▶ [EXERCISE REQUIREMENTS] Would you return the listing exactly as written, apart from its pictures?

▶ [DATA EXCERPT]

***

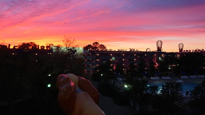 深夜に空港到着。バスでホテルに移動しました。今回の滞在先は「ディズニー・ポップ・センチュリー・リゾート」。直営ホテルに泊まるとファストパスが早く取れるということもあり、パークチケットの連動などについてもトラベルスタンダードの担当者の方に聞くと、メールですぐ返信をいただけたのが印象的でした!全日直営ホテルを予約していただいたので、パーク間の移動もとっても楽でした。ホテルはアメリカのモーテルみたいな感じでした。歯ブラシはありませんでした。シャワーは水量少なめでしたがバスタブはありました。パークまで直接モノレールで行けたので便利でした。ディズニー周辺は物価も高く、ホテルの周辺にはレストランなどはないため、日本からもっていったカップラーメンが重宝しました!
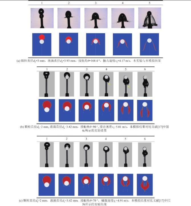 為進(jìn)一步驗(yàn)證本模型計(jì)算結(jié)果的可靠性,依據(jù)BANITABAEI等在實(shí)驗(yàn)中設(shè)置的不同碰撞條件,開展了相應(yīng)的數(shù)值模擬。如圖5b和圖5c所示,在不同碰撞條件下,數(shù)值模擬結(jié)果中的液滴形變過程與實(shí)驗(yàn)結(jié)果均具有較高的吻合度。圖6對(duì)比了數(shù)值模擬結(jié)果與實(shí)驗(yàn)結(jié)果中液滴幾何尺寸的變化過程,也具有較高的吻合度。其中,圖6a所展示的液膜底部直徑隨時(shí)間變化曲線,數(shù)值模擬結(jié)果與實(shí)驗(yàn)結(jié)果稍有偏差,原因是實(shí)驗(yàn)中固定顆粒的支撐柱對(duì)液膜底部的形變過程產(chǎn)生了一定影響。綜上所述,可認(rèn)為筆者構(gòu)建的數(shù)值模擬模型合理,結(jié)果具有較高可靠性。由于在毫米尺度下和微米尺度下,液滴與固體顆粒的碰撞過程均遵守經(jīng)典牛頓力學(xué)定律和經(jīng)典流體力學(xué)理論,所以本數(shù)值模擬模型可用于微米尺度下的其他工況條件的數(shù)值模擬研究。
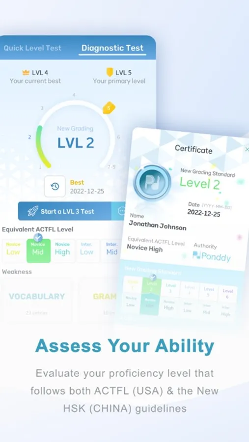 1. Built-in Auto Assessment that allows you to assess your ability against the ACTFL & HSK (New Grading Standard)

***

▶ [SOLUTION TO THE EXERCISE]
 深夜に空港到着。バスでホテルに移動しました。今回の滞在先は「ディズニー・ポップ・センチュリー・リゾート」。直営ホテルに泊まるとファストパスが早く取れるということもあり、パークチケットの連動などについてもトラベルスタンダードの担当者の方に聞くと、メールですぐ返信をいただけたのが印象的でした!全日直営ホテルを予約していただいたので、パーク間の移動もとっても楽でした。ホテルはアメリカのモーテルみたいな感じでした。歯ブラシはありませんでした。シャワーは水量少なめでしたがバスタブはありました。パークまで直接モノレールで行けたので便利でした。ディズニー周辺は物価も高く、ホテルの周辺にはレストランなどはないため、日本からもっていったカップラーメンが重宝しました!
 為進(jìn)一步驗(yàn)證本模型計(jì)算結(jié)果的可靠性,依據(jù)BANITABAEI等在實(shí)驗(yàn)中設(shè)置的不同碰撞條件,開展了相應(yīng)的數(shù)值模擬。如圖5b和圖5c所示,在不同碰撞條件下,數(shù)值模擬結(jié)果中的液滴形變過程與實(shí)驗(yàn)結(jié)果均具有較高的吻合度。圖6對(duì)比了數(shù)值模擬結(jié)果與實(shí)驗(yàn)結(jié)果中液滴幾何尺寸的變化過程,也具有較高的吻合度。其中,圖6a所展示的液膜底部直徑隨時(shí)間變化曲線,數(shù)值模擬結(jié)果與實(shí)驗(yàn)結(jié)果稍有偏差,原因是實(shí)驗(yàn)中固定顆粒的支撐柱對(duì)液膜底部的形變過程產(chǎn)生了一定影響。綜上所述,可認(rèn)為筆者構(gòu)建的數(shù)值模擬模型合理,結(jié)果具有較高可靠性。由于在毫米尺度下和微米尺度下,液滴與固體顆粒的碰撞過程均遵守經(jīng)典牛頓力學(xué)定律和經(jīng)典流體力學(xué)理論,所以本數(shù)值模擬模型可用于微米尺度下的其他工況條件的數(shù)值模擬研究。
 1. Built-in Auto Assessment that allows you to assess your ability against the ACTFL & HSK (New Grading Standard)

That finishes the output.